See [MIGRATION.md](MIGRATION.md) for the full 6-step procedure including rollback.


## What v1.0.80 Changed (G45, G53, G55 S2, G56, G58, ADR-0033, ADR-0034)

v1.0.80 is a **patch** bump with NO database migration. The schema
is still v13, the G43 dim-adoption already runs in every
`open_rw` and `open_ro`, and the changes are all additive at
the binary and database level. Library consumers must pin to
`=1.0.80` because the lib API is unstable within v1.x.y
(ADR-0032).

- **G45 cross-process embedding singleton**: `acquire_embedding_singleton(namespace, db_path, wait_seconds, force)` serialises LLM embedding calls per `(namespace, db)` pair across concurrent CLI invocations. A second CLI trying to embed against the same database receives `AppError::EmbeddingSingletonLocked { namespace }` (exit 75, retryable). Pass `--wait-embed-singleton <SECONDS>` to poll until the lock drops; distinct databases or namespaces acquire independent locks. Operationally prevents the "two remember invocations, two LLM subprocesses, two parallel batches" pathology that v1.0.79's in-process cache could not address.
- **G53 stability policy and `semver-checks` CI gate**: the public contract is the CLI; the library API is unstable in v1.x.y. New CI job `semver-checks` runs `cargo semver-checks check-baseline --baseline-version 1.0.79` in informational mode (becomes blocking in v1.0.81 once the 9 outstanding MAJOR violations are resolved). README and CHANGELOG carry the `Stability Policy` section. Pin to `=1.0.80` for lib consumers; use `^1.0` to stay on the CLI-stable track.
- **G55 S2 structural `MemoryNotFound`**: the legacy `NotFound(String)` path that masked which lookup target failed is replaced by `AppError::MemoryNotFound { name, namespace }` and `AppError::MemoryNotFoundById { id }` inside `read` and `hybrid-search`. The identifier is now part of the variant, eliminating the `not found: unknown` class of bugs. pt-BR messages carry the name and namespace explicitly.
- **G56 entity-embed in-process cache**: `embed_entity_texts_cached` sits in front of `embed_passages_parallel_local` for entity-name batches. Cache key is `blake3(model || "\0" || text)`. High hit rate in `ingest` (canonical entities re-embedded across many memories), modest in `remember` and `remember-batch`. `remember.rs`, `ingest.rs` and `remember_batch.rs` all route entity embeds through the cache; chunk embeds continue through the raw path. Stats are emitted via `tracing::debug!` (hit / miss / request counts).
- **G58 FTS5 fallback for `recall` and `hybrid-search`**: `recall --fallback-fts-only` and `hybrid-search --fallback-fts-only` route the query through FTS5 BM25 when the LLM subprocess fails (rate limit, OAuth contention, divergent dim). New envelope fields `vec_degraded` (bool), `vec_error` (string) and `warning` (string) are populated symmetrically across both commands.

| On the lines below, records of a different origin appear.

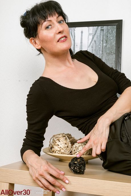 Mature woman Ninpha removes a black bodysuit to show her bush
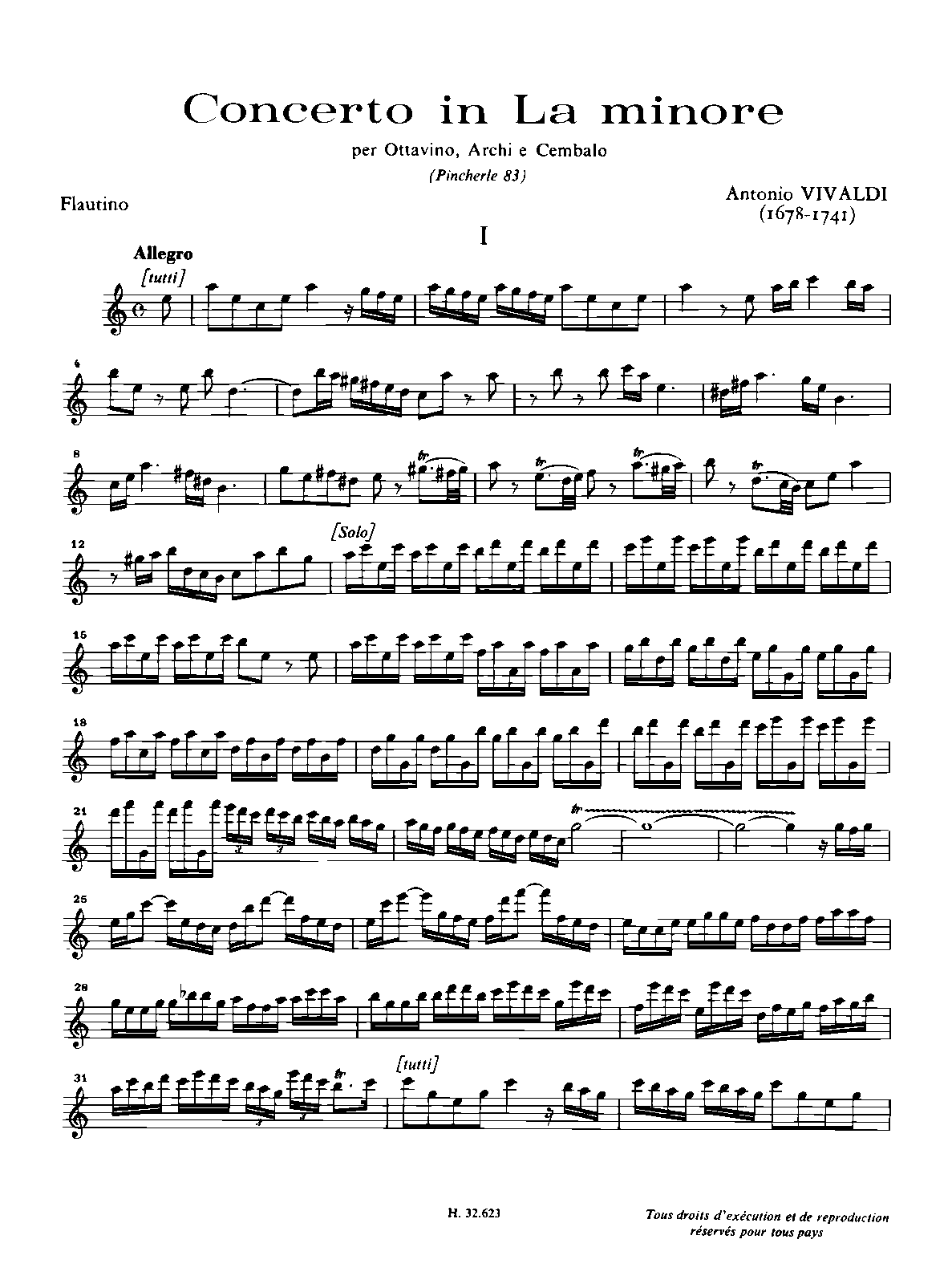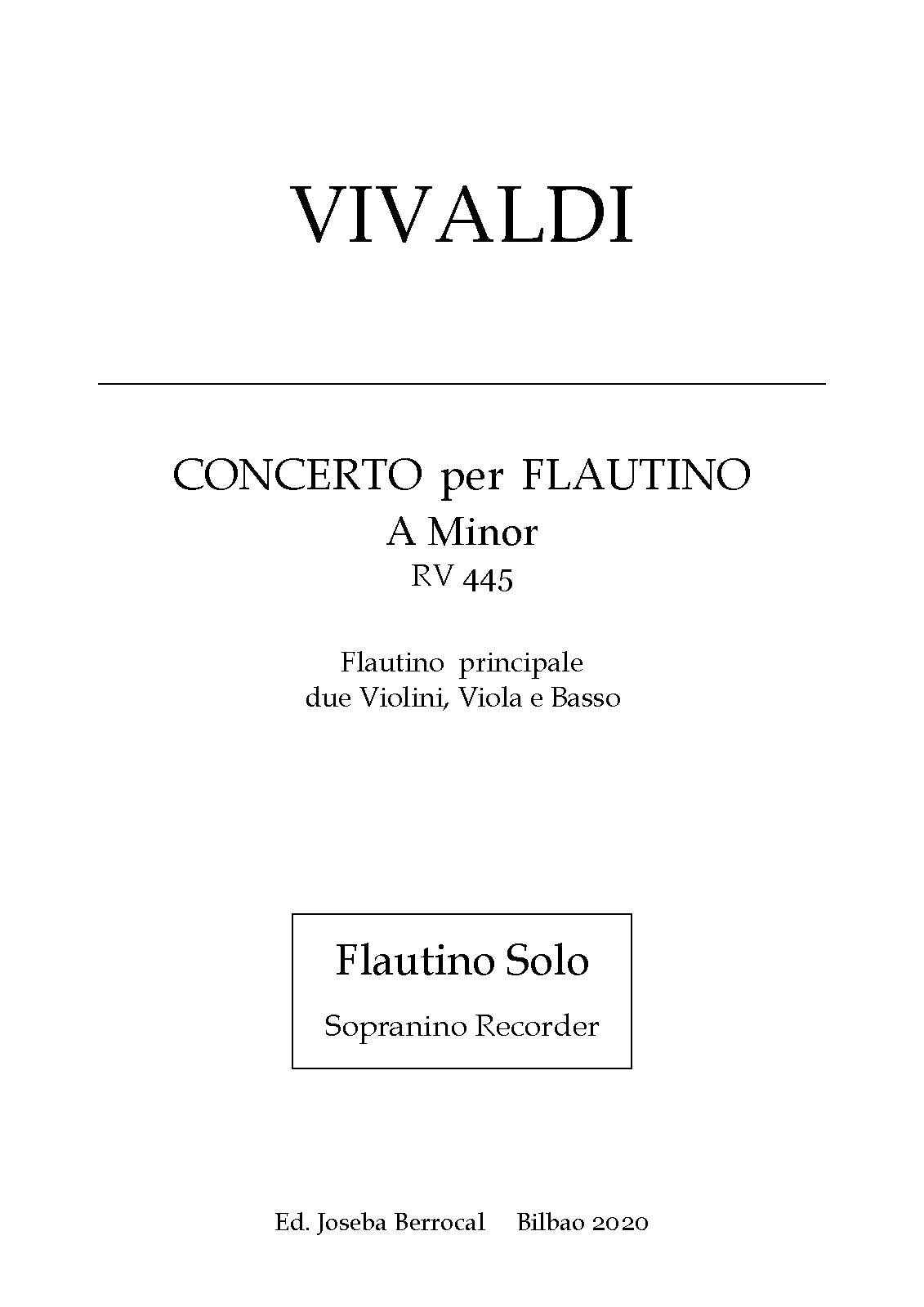 Misc. Notes Orig. for Flautino (sopranino recorder) in A minor. Transposed a 4th down to E minor, as Vivaldi points out.
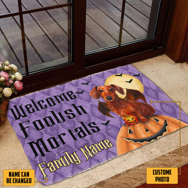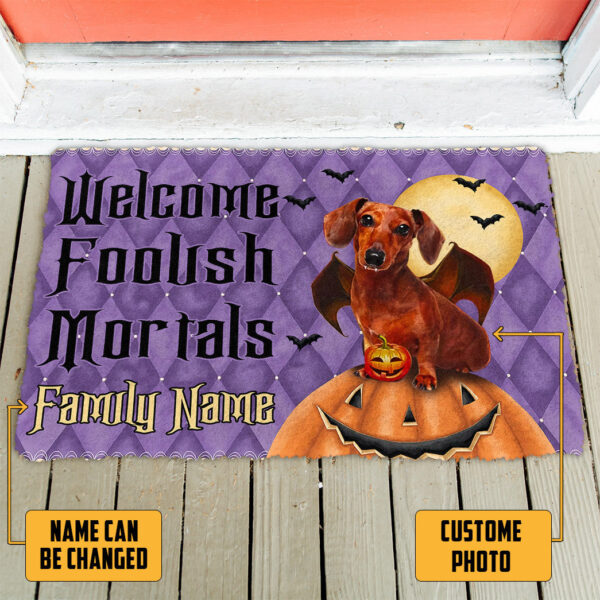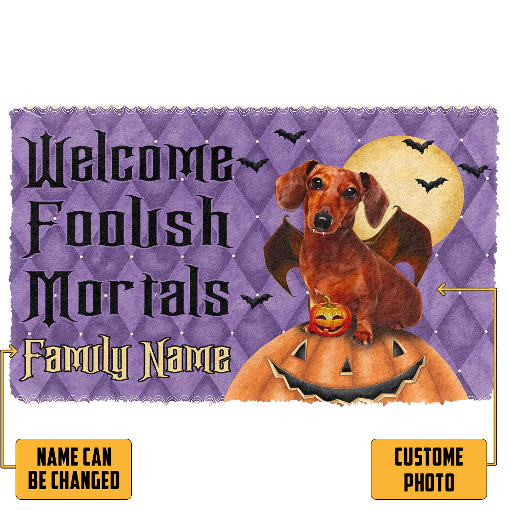 Gearhumans 3D Welcome Foolish Mortals Halloween Vampire Dog Custom Name Custom Photo Doormat

The `recall` and `hybrid-search` tests gained coverage for the FTS5-only path; 1 test is `#[ignore]` because the G58 S1 stub requires `PATH` without `codex` or `claude` to exercise `EmbeddingFailed`.
- **G53-WINDOWS-INFRA (ADR-0033)**: the `clippy` and `test` jobs of the windows-2025 matrix gained 2 new steps each (gated `if: matrix.os == 'windows-2025'`, no-op on ubuntu/macos): a pre-warm that downloads the rustup toolchain into the runner cache before the build, and a verify step that re-checks `rustup show active-toolchain` after install. The 2 historical infra failure modes (rustup download with transient network errors and `E0463 can't find crate for core` when the target stdlib is missing) are now recoverable on the first re-run instead of accumulating as red CI. Local cross-compile validation: `cargo check --target x86_64-pc-windows-msvc --lib --all-features` reproduces and `E0463` is fixed by `rustup target add x86_64-pc-windows-msvc --toolchain 1.88`; the build then reaches the `cc-rs: failed to find tool "lib.exe"` frontier, which is the expected host-Linux cross-compile limit.
- **SHUTDOWN resilience (ADR-0034)**: `src/signals.rs` is wrapped in a panic-catching boundary; even when the parent's stderr is a closed pipe (the orphaned-process scenario that the G42/C2 audit identified), the handler returns cleanly instead of `SIGABRT`-ing on `BrokenPipe`. The third consecutive Ctrl-C exits with code 130 and ZERO I/O, matching the contract documented in ADR-0034 and the recipe in `docs/HEADLESS_INVOCATION.md`. The 3-layer SHUTDOWN bypass recipe (`nohup` then `setsid` then `disown`) is the canonical reference for the agent harness when running long embedding jobs in background.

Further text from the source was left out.